La concessione del contributo di solidarietà viene disposta dalla Direzione Generale degli ammortizzatori sociali e degli incentivi all’occupazione nel limite delle disponibilità finanziarie per tale ammortizzatore sociale.

Aiuti di Stato alle imprese per attività di formazione continua

È stato adottato il Regolamento per la concessione di aiuti di Stato alle imprese per attività di formazione continua. Tali aiuti, erogati sotto forma di sovvenzione, sono ammessi per i progetti di formazione presentati dalle imprese aderenti ai Fondi, in forma singola o associata.

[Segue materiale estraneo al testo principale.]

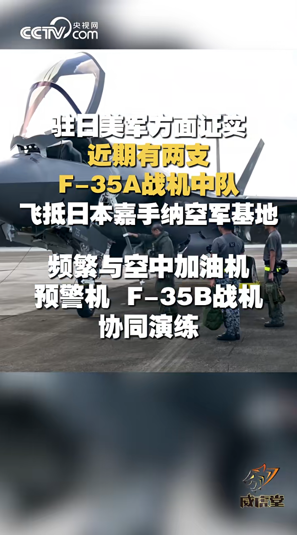 1月17日,小央视频消息,驻日美军方面证实,近期有两支F-35A战机中队飞抵日本嘉手纳空军基地,频繁与空中加油机、预警机、F-35B战机协同演练。
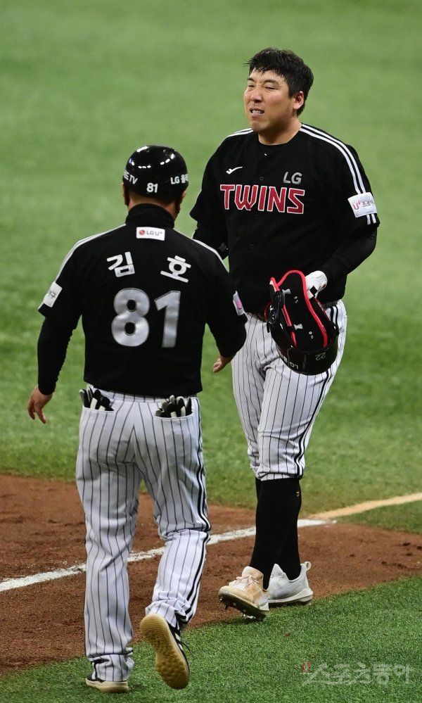 28일 서울 고척스카이돔에서 열린 ‘2022 신한은행 SOL KBO리그’ 플레이오프 4차전 키움 히어로즈와 LG 트윈스의 경기에서 3회초 1사 1루 LG 김현수가 병살타를 친 후 아쉬워하고 있다.
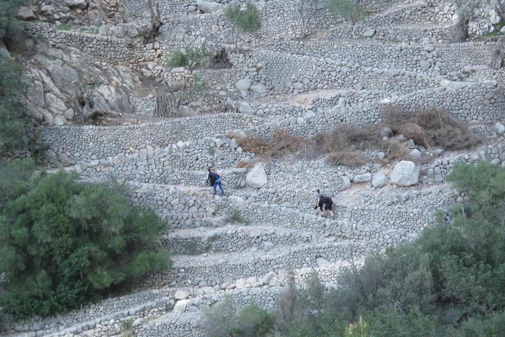 The Camí des Barranc and Camí Vell trails, declared a Site of Cultural Interest, cross a landscape of cliffs and ravines where humans used stone to build terraces, huts, and paths for survival. In 1986, the school of “margers” (dry stone builders) was founded to preserve this valuable example of traditional Mallorcan dry stone architecture and revive this ancestral craft.
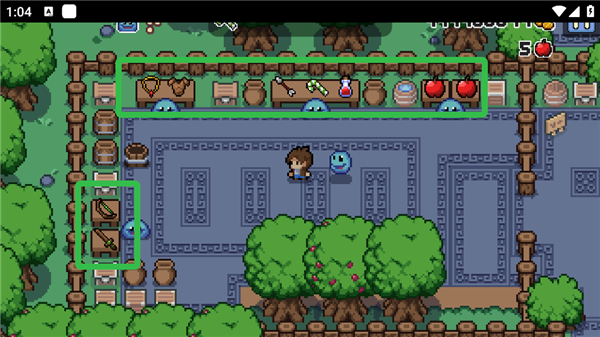 1、玩家需要控制角色在随机生成的地图中移动,角色会自动攻击靠近的怪物。 2、游戏融入了Roguelike经典元素,拥有随机地图、掉落物品和敌人。 3、玩家可使用金币购买武器升级、解锁新伙伴,或通过水果解锁强力道具。游戏截图
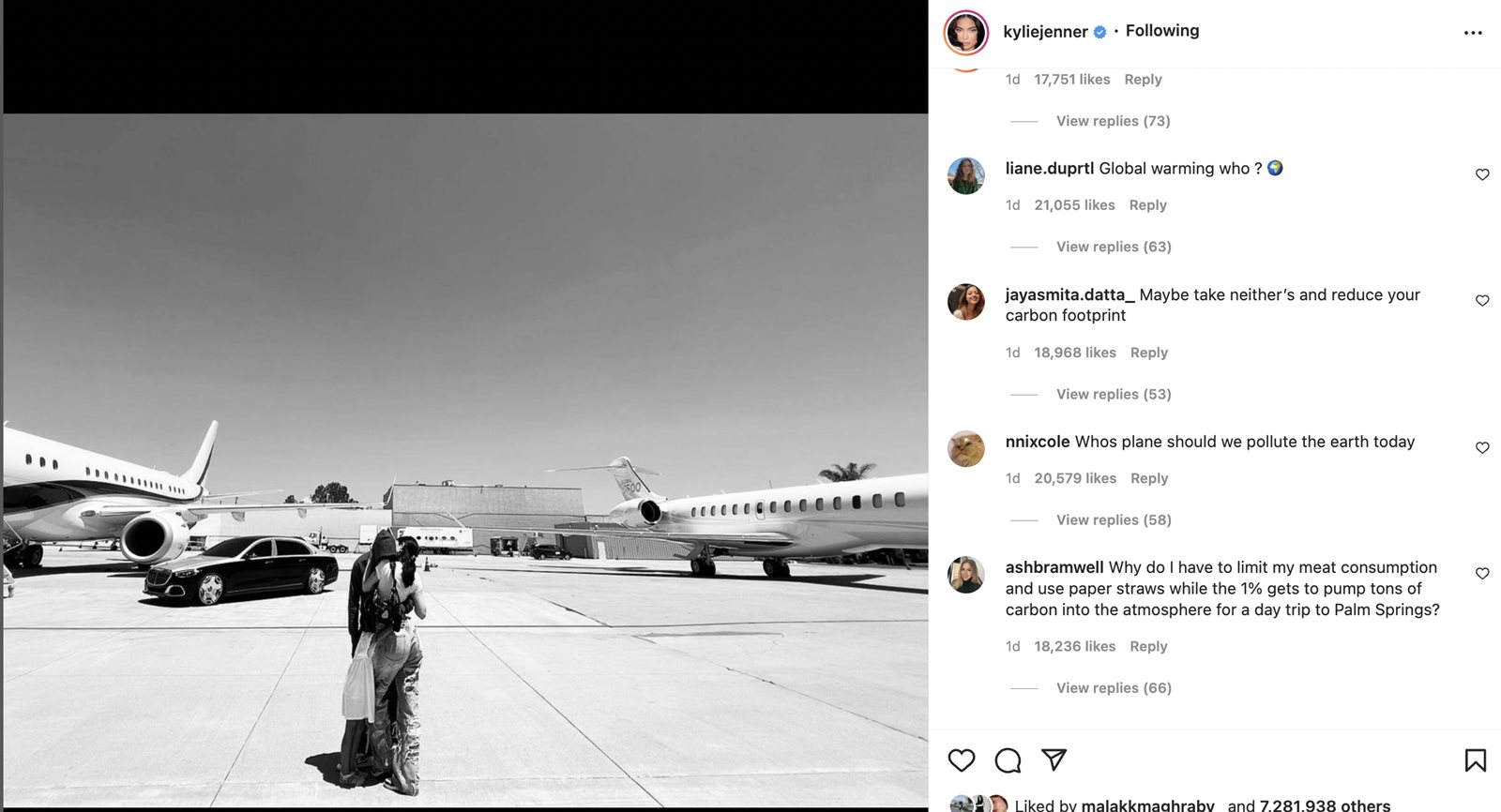 تعرضت نجمة تلفزيون الواقع الأمريكي وسيدة الأعمال المليارديرة كايلي جينر لهجوم حاد في مواقع التواصل الاجتماعي، بعد أن نشرت صورة مع حبيبها ترافيس سكوت بجانب طائراتهم الخاصة متسائلة: "تريد استخدام طائرتي أو طائرتك؟".
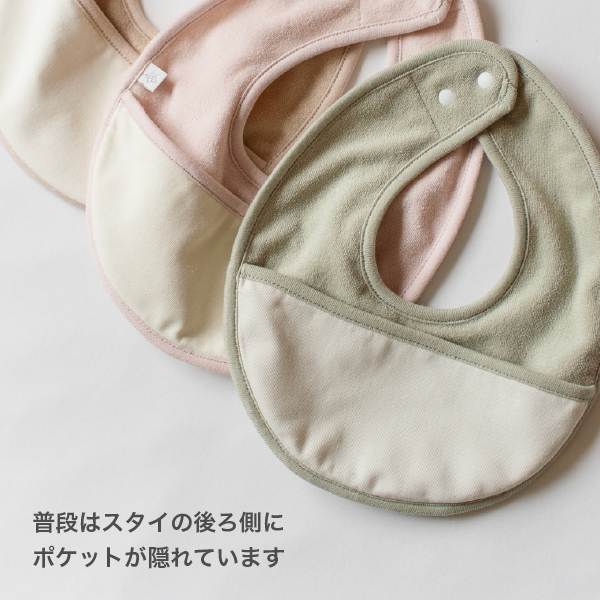 ポケット付きでよだれや食べこぼしをしっかりキャッチしてくれる、頼れるスタイ。赤ちゃんをやさしく守ってくれる存在で、まるでお守りのような安心感があります。
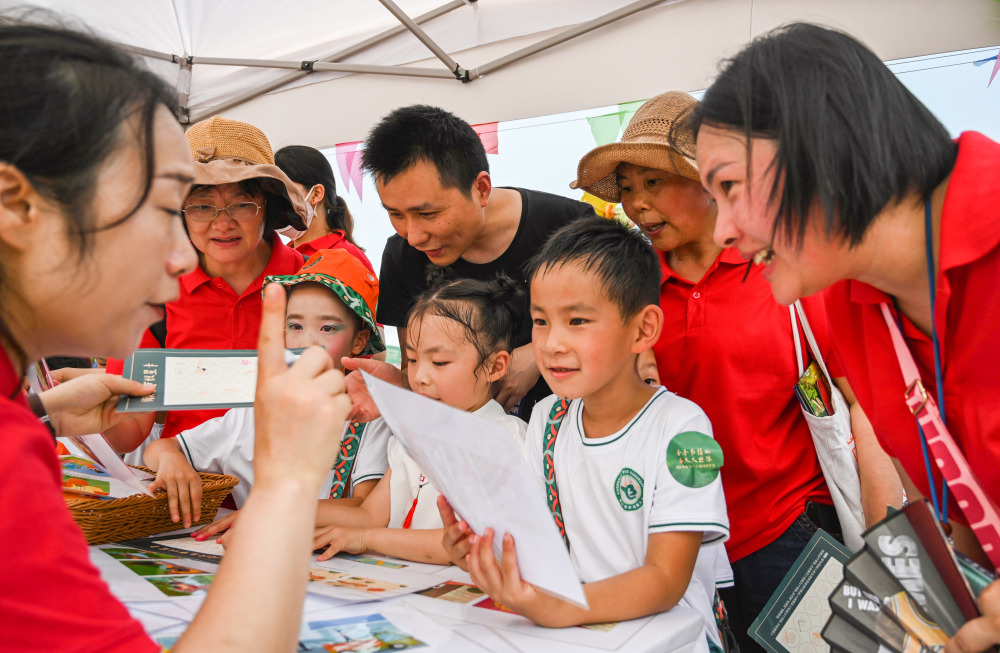 ▲5月31日,渝北区中央公园广场,家长和学生正在参加阅读集市的活动。首席记者 龙帆 摄
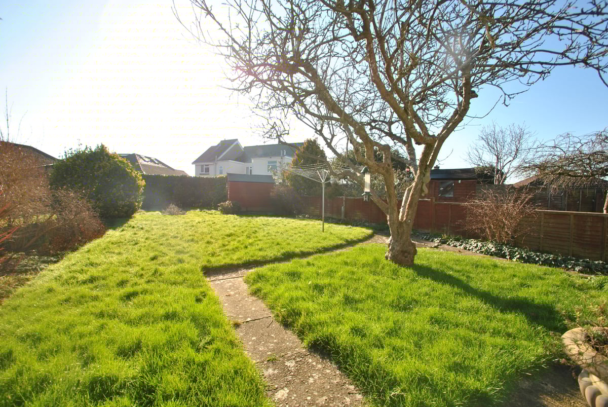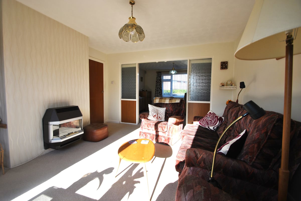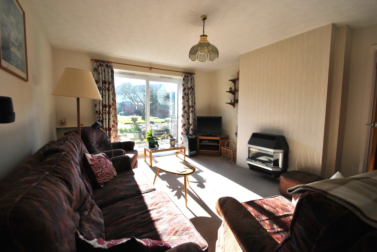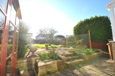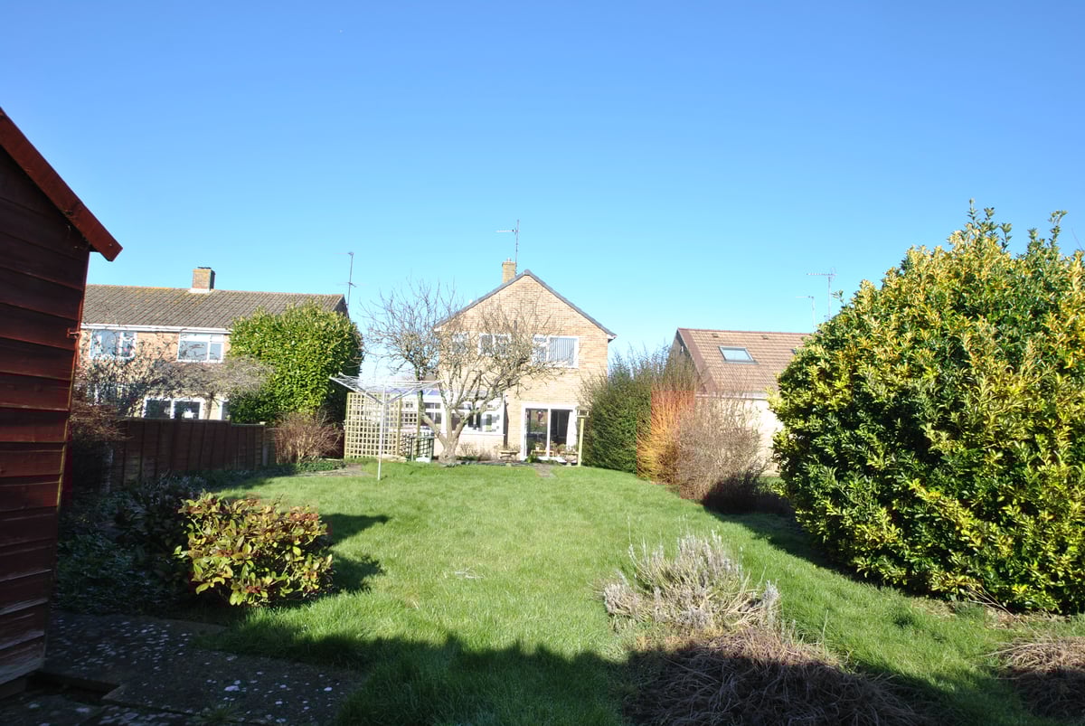 Exterior: Front garden with walling, flower and shrub borders, laid with stone chippings, side access to rear garden and car hardstanding for two vehicles. South facing rear garden with patio area, mainly laid to lawn with hedging and wooden panel fencing, trees and flower and shrub borders, wooden summer house and garden shed, pedestrian door into garage. Garage with up and over automatic door and power sockets.
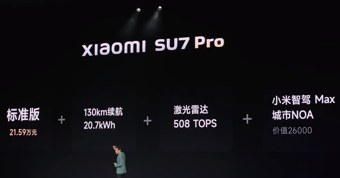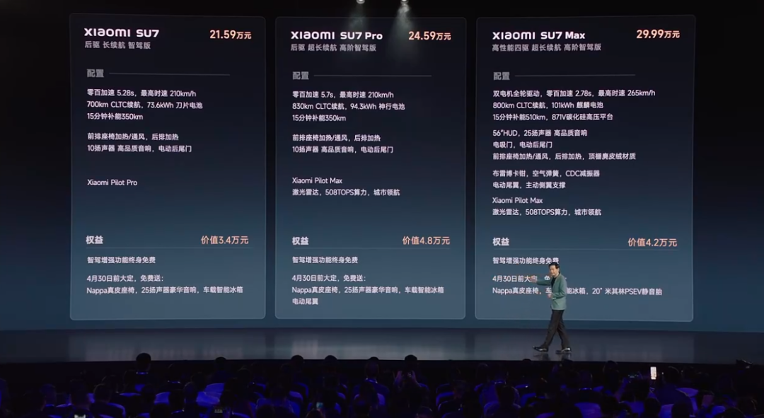 其中,小米SU7(后驱、长续航、智驾版)售价21.59万元,今晚10点正式开定,付款5000元即可锁单,4月底交付。

I beneficiari di tali aiuti alla formazione possono essere, in particolare, le imprese di ogni dimensione appartenenti a qualsiasi settore di attività, compresa la pesca, l’acquacultura nonché il settore della produzione primaria dei prodotti agricoli.
Ai fini del calcolo dell’aiuto sono ammissibili le spese di personale relative ai formatori per le ore di partecipazione alla formazione, i costi di esercizio relativi a formatori e partecipanti alla formazione direttamente connessi al progetto di formazione, quali le spese di viaggio, i materiali e le forniture con attinenza diretta al progetto, l’ammortamento degli strumenti e delle attrezzature per la quota da riferire al loro uso esclusivo per il progetto di formazione, i costi dei servizi di consulenza connessi al progetto di formazione e le spese di personale relative ai partecipanti alla formazione e le spese generali indirette (spese amministrative, locazione, spese generali) per le ore durante le quali i partecipanti hanno seguito la formazione.
L’intensità di aiuto alla formazione non supera il 50% dei costi ammissibili, intensità che può essere aumentata fino a un’intensità massima del 70% dei costi ammissibili:
– di 10 punti percentuali se la formazione è destinata a lavoratori con disabilità o a lavoratori svantaggiati;
– di 10 punti percentuali per gli aiuti concessi alle medie imprese e di 20 punti percentuali per gli aiuti concessi alle piccole imprese.
Gli aiuti alla formazione possono essere cumulati con altri aiuti di Stato, anche in regime “de minimis”, purché le misure riguardino diversi costi ammissibili individuabili e se tale cumulo non porta al superamento dell’intensità di aiuto di cui all’articolo precedente ovvero con altri aiuti di Stato, in relazione agli stessi costi ammissibili – in tutto o in parte coincidenti – unicamente se tale cumulo non porta al superamento dell’intensità di aiuto di cui all’articolo precedente.
Tali aiuti possono essere concessi a condizione che le attività previste siano avviate successivamente alla presentazione della domanda.
Si precisa che, mon possono essere erogati aiuti ad imprese destinatarie di un ordine di recupero pendente a seguito di una decisione della Commissione che dichiara un aiuto illegale e incompatibile con il mercato comune.